“Why does everything you know, and everything you’ve learned, confirm you in what you believed before? Whereas in my case, what I grew up with, and what I thought I believed, is chipped away a little and a little, a fragment then a piece and then a piece more. With every month that passes, the corners are knocked off the certainties of this world: and the next world too. Show me where it says, in the Bible, ‘Purgatory.’ Show me where it says ‘relics, monks, nuns.’ Show me where it says ‘Pope.’” –Thomas Cromwell imagines asking Thomas More—Wolf Hall by Hilary Mantel
Saturday, July 25, 2009
Welcome to Reading Subtly
Literature too is an epistemology. We understand best what we can imagine to be otherwise: the universe needn't have been riddled with black holes, the earth needn't have been drowned in water, humans needn't have evolved to walk on two legs. "Spin multiple hypotheses," Carl Sagan admonishes in Demon-Haunted World. Not only does each prospective solution hold the possibility of being closer to the truth, but each attempt primes the mind to abandon those farther away, and opens us to new discovery. Literature, the imagining of other lives and other consciousnesses, opens us to discover a more encompassing humanity. It is set diametrically against the believer vs infidel tribalism which is too often catalyzed by religions. And it is absolutely essential in this postmodern, dangerously overpopulated world.

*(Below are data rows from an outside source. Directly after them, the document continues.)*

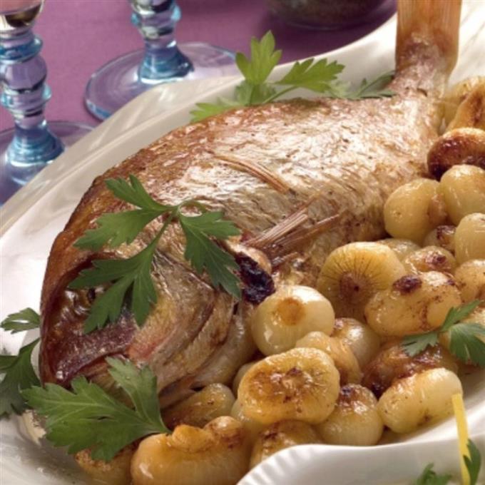 Για το τραπέζι των Φώτων - Φαγκρί στο φούρνο με ούζο και κρεμμύδια
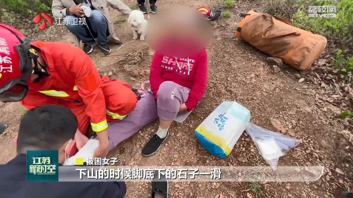 被困女子说:“我们慢慢爬,爬到这个地方,我们就说太险了下山吧。下山的时候,脚底下的石子一滑,右腿就扭一下,就摔了。我鞋子的鞋底可能也太滑了。”
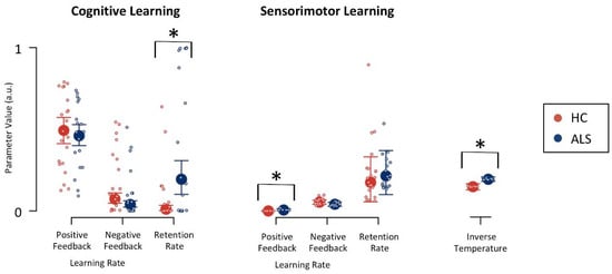 Model parameters for cognitive and sensorimotor learning. Large circles indicate medians of group-level posterior distributions. Error bars indicate lower and upper quartiles of group-level posterior distributions. Small circles indicate medians of individual-level posterior distributions; a.u. = arbitrary units; * strong evidence for the presence of a group difference; HC = healthy control participants; ALS = amyotrophic lateral sclerosis patients.

Reading subtly is about slowing down. Too many of us go about desperately trying to find our next entertainment fix. We seek out gorgeous celebrities jumping out of screens to escape big explosions. And we fixate on narratives of tribal war and revenge. Is it any wonder that worldwide tribal wars and honor killings consume so many lives? What if instead of the elitism of wizards and vampires and super spies and super cops we learned to control our craving for entertainment? What if we could sit back and appreciate the nuances of thought of people who could exist or have existed in the same wizardless, vampireless, superheroless world we all inhabit? What if instead of mass cult followings for J.K. Rowling, there were followings, outside of the vitiating pseudo-theories of academia, for Proust, or Bellow, or Munro? Reading subtly is about getting practice getting to know others, real or fictional, so that we can better know ourselves and better know our world--the better to live in it.